Song Sun (, born in 1987) is a Chinese mathematician whose research concerns geometry and topology. A Sloan Research Fellow, he is a professor at the Department of Mathematics of the University of California, Berkeley, where he has been since 2018. In 2019, he was awarded the Oswald Veblen Prize in Geometry.

Biography 
Sun attended Huaining High School in Huaining County, Anhui, China, before being admitted to the Special Class for the Gifted Young at the University of Science and Technology of China in 2002. After graduating from the program with a B.S. in 2006, he moved to the United States to pursue graduate studies at the University of Wisconsin, obtaining his Ph.D in mathematics (differential geometry) in 2010. His doctoral advisor was Xiuxiong Chen, and his dissertation was titled "Kempf–Ness theorem and uniqueness of extremal metrics".

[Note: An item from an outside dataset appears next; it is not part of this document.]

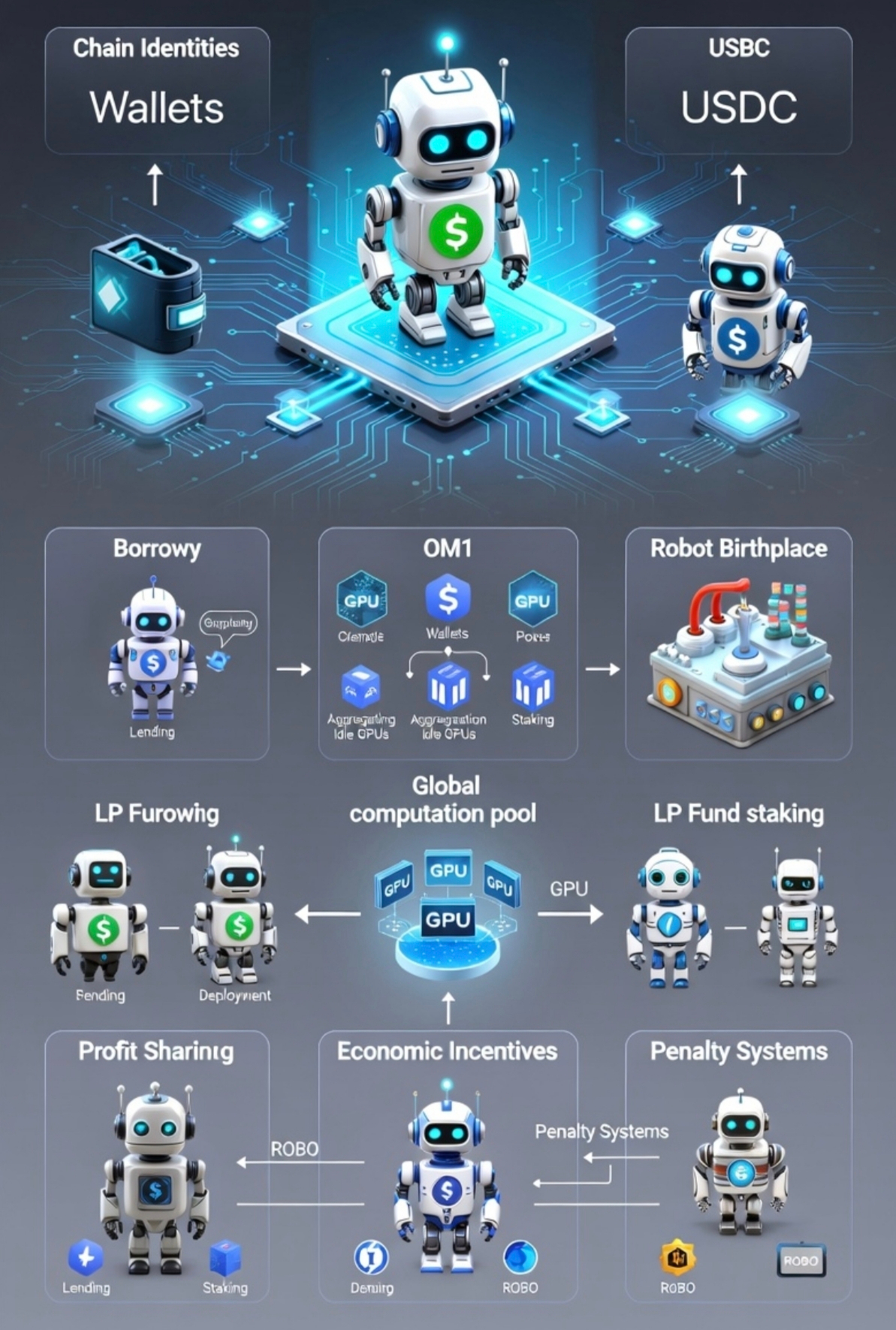 Fabric Foundation那帮从斯坦福和Google DeepMind出来的人,三年前就盯着这个痛点下手。他们不卷硬件参数,不吹AI模型,埋头干一件事:给机器装上"金融属性"。OM1操作系统让机器人有统一大脑,FABRIC协议给每台机器发链上身份和钱包,Circle的USDC整合进来让机器能自己支付。这套东西跑通之后,机器就不再是资产负债表上的固定资产,而是有收入账户、有信用记录、能参与经济活动的独立节点。

Sun worked as a research associate at Imperial College London before becoming an assistant professor at Stony Brook University in 2013. He was awarded the Sloan Research Fellowship in 2014. In 2018, he was appointed an associate professor at the Department of Mathematics of the University of California, Berkeley.

He was an invited speaker at the 2018 International Congress of Mathematicians, in Rio de Janeiro. For 2021 he received the Breakthrough Prize in Mathematics – New Horizons in Mathematics.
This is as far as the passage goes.